To understand these seemingly random and erratic peaks and valleys, we must consider how actual events effected the market, and why. PSMJ resources inc. released a forecast report demonstrating how the market’s movement the past year has in fact coincided with the pandemic. Their report shows that when COVID-19 cases began spiking during the Q2 of 2020, the NPMI tanked to a “near-record-worst” of -22% before rebounding to 10% in Q3 as COVID-19 cases leveled. The index then fell again to 5% as cases re-surged in Q4.

quarterly market forecast

Of the 12 major markets that PSMJ studies, energy/utilities led with an NPMI of 47%, up from 28% in the Q3 2020 and even higher than the pre-pandemic rating of 43% in Q4 of 2019. “Its surge is attributable to a huge bounce in the renewable energy submarket, which reported an NPMI of 75% in the fourth quarter,” the report says. “Utility distribution (59%) and telecom/cables (39%) were also strong.”

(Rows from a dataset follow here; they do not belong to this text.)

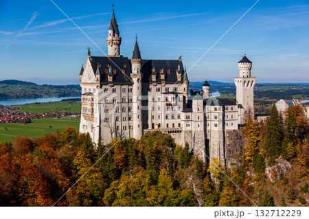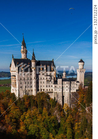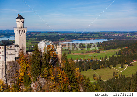 秋日晨光中的新天鵝堡壯麗景觀
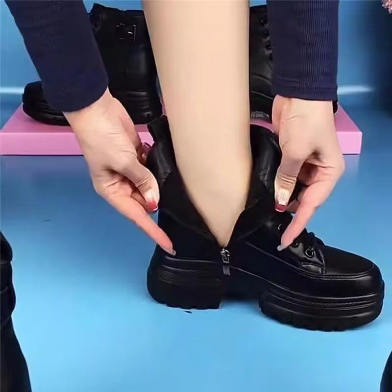 断码真皮厚底马丁靴女秋冬
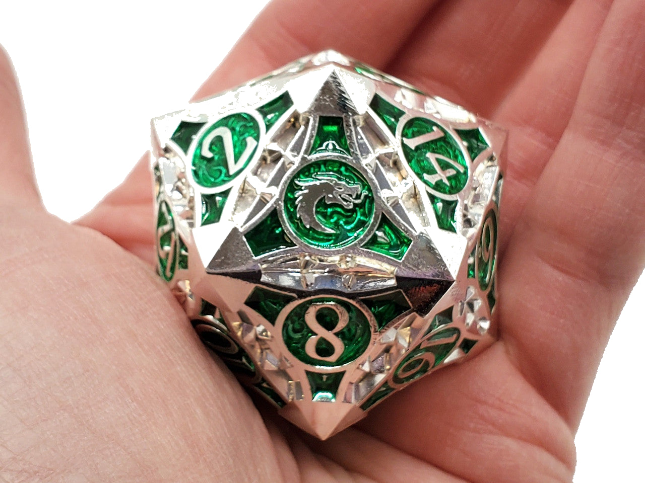 Old School 40mm D20 Metal Die: Gnome Forged - Silver w/ Green
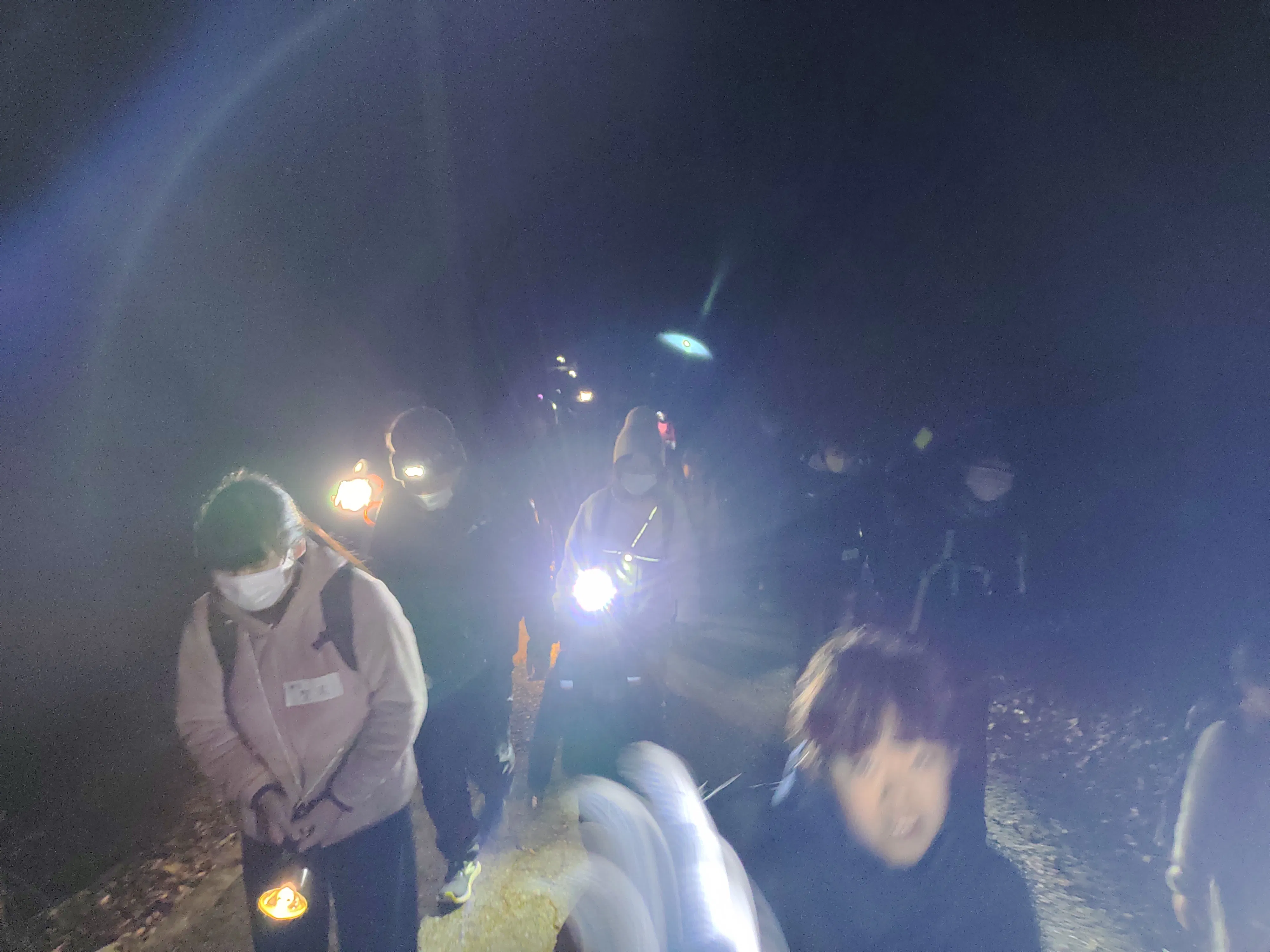 「登山者のヘッドライトの明かりが山の麓から山頂まで輝いておりイルミネーションのように美しかったこと」

Another key factor, although more political in nature, is the impact of government and federal spending. Under President Joe Biden, it is predicted that renewable energy and infrastructure spending would continue to expand. President Biden also indicated that behind the $1.9 trillion COVID-19 relief package signed into law in March, one of his top priorities is an infrastructure revitalization plan, with special consideration of renewable energy.

As other countries also start to emerge from their own 'year of the COVID', we can only guess how many will follow the American example and invest in their infrastructure as means to boost the dwindling economy and local markets. What we know for sure is that like anything else in America, when they go about doing something they go big, and rejuvenating the E&C sectors is not different.